Am I the only woman on the planet who feels as though an alien parasite hijacked me during pregnancy (and beyond)? Don’t get me wrong – I loved being pregnant. I had no morning sickness at all and only late-stage and minimal reflux. I was privileged – I was very relaxed and unstressed, work-wise, throughout the experience. So what the hell?
Well, I’m a person who likes my personal space. Ok, hang on – that’s a mega understatement. I can’t cope without personal space! I get pissed off; I freak out and start throwing heavy objects around (chairs, tables – even my pitbull when she happens to be nearby).
Knowing this about myself I smugly thought I could handle the added pressures a child would bring. I went into pregnancy calmly and idealistically. All will be fine – ohmmmnnn. Bliss descended upon the earth while my newborn went through her initial “honeymoon” sleeping-all-day-and-night period. Then, the alien parasite awoke and the shit hit the fan. I can’t complain about sleep in the long run (by three months she was sleeping through from 6.00pm-7.00am with one feed in between). But in the short run my personal space went into orbit. Every moment of my day became dedicated to this bundle of “joy”. I’m not a pretty sight on a lack of sleep, but deprive me of my personal space, my “me” time, and I become Godzilla with PMS.
I was lucky to have an awesome partner who was a total second mommy. He took shifts when he found me looking for my mind in various unlikely places (the fridge, the toilet cistern, the dog’s bowl etc.). Without him, I would NOT have coped, for sure.
My freckle-faced, pigtailed beast (I assure you, it’s a fond nickname) is ten now. Somehow she’s still alive (as am I, and my tip-toeing pit). She is a delight to spend time with, and truly is the centre of my universe.

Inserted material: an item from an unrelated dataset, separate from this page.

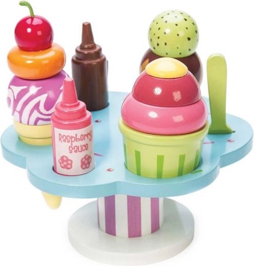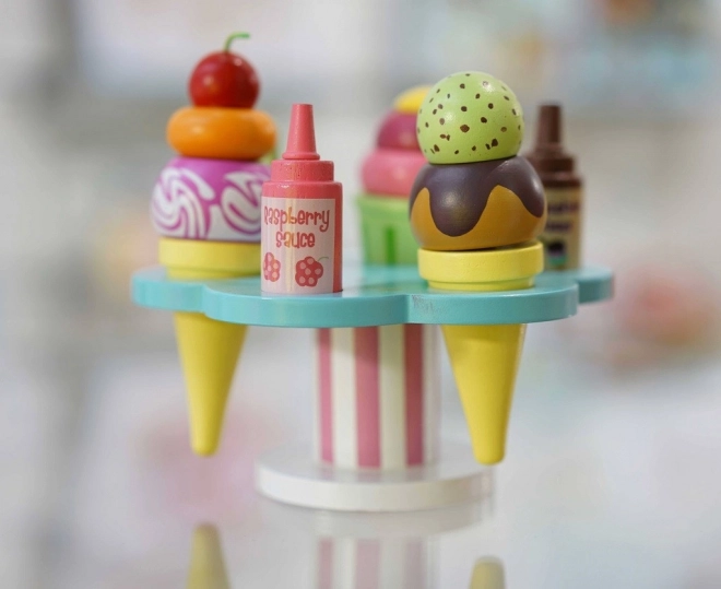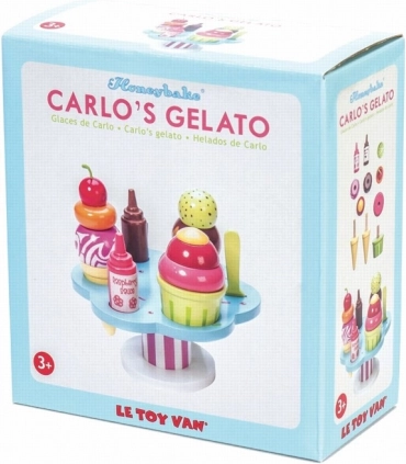 Igralni set Le Toy Van Carlo’s Gelato otrokom prinaša neskončno mero zabave in domišljije. Vsebuje kornete in lonček, snemljive kepice, dve omaki in posip, ne manjka niti žlička. Izdelan je iz trajnostnega lesa FSC, ročno dodelan z nestrupenimi barvami na vodni osnovi ter spodbuja fino motoriko, kognitivne veščine in igro vlog.

But I can’t help looking back and realising that her “invading” of my world has changed EVERYTHING.
Swings and roundabouts
Mostly, I’m enriched by the experience of being a mom. However, I’ve also suffered a loss. A loss of my personal time and space. A loss of the dynamic between me and my then partner (having a child changes that dynamic subtly yet massively). Loss of my perceived wantonness (there’s nothing like being a mom to detract from your sexuality, even if it is only a personal perception). And a loss of freedom. I thank the many deities out there that my child can feed, bath and dress herself because I swear – if I had to do another dinner/bath/teeth/story-time “put down” EVER again, you’d find my story on #rabidwomanbitesownarmoff.
I’m guessing a lot of woman feel similarly but not without a truck load of guilt. It’s true that our kids are our most precious gifts. But there are other things in life that add to enrichment, fulfilment and self-actualisation and which don’t include cleaning up poo.
On reading this blog, a good friend of mine said: “What’s your point?” This, after wiping the tears from his eyes, which – being a man and all this being new to him – could just as easily have been tears of laughter, horror or pity.
The point is…
Well look – like others out there – I’m a very conscientious parent so take being a mom pretty seriously. It’s a given (as the moon orbits the earth), that my child will end up in therapy one day with the notion that I screwed up her life. But hey – I can put my hand on my heart and say that I truly did everything to give her the emotional love and support and the face-to-face time she needed from me.
I think my point was just to say that being a mom and being an individual are often opposite ends of the universe. They have enough conflicting interests between them to keep Darth and the Resistance in perpetual battle. I struggled a lot through her early years: I still do and still will, I suspect. I love her to death and I’d give my life for her, but I miss my “old” existence. Most of all, I miss my personal space and the freedom to do what I want to, when I want to.
Do you hear me sista? Or am I really the only rabid mother on the planet with a guilt truck parked on her front lawn?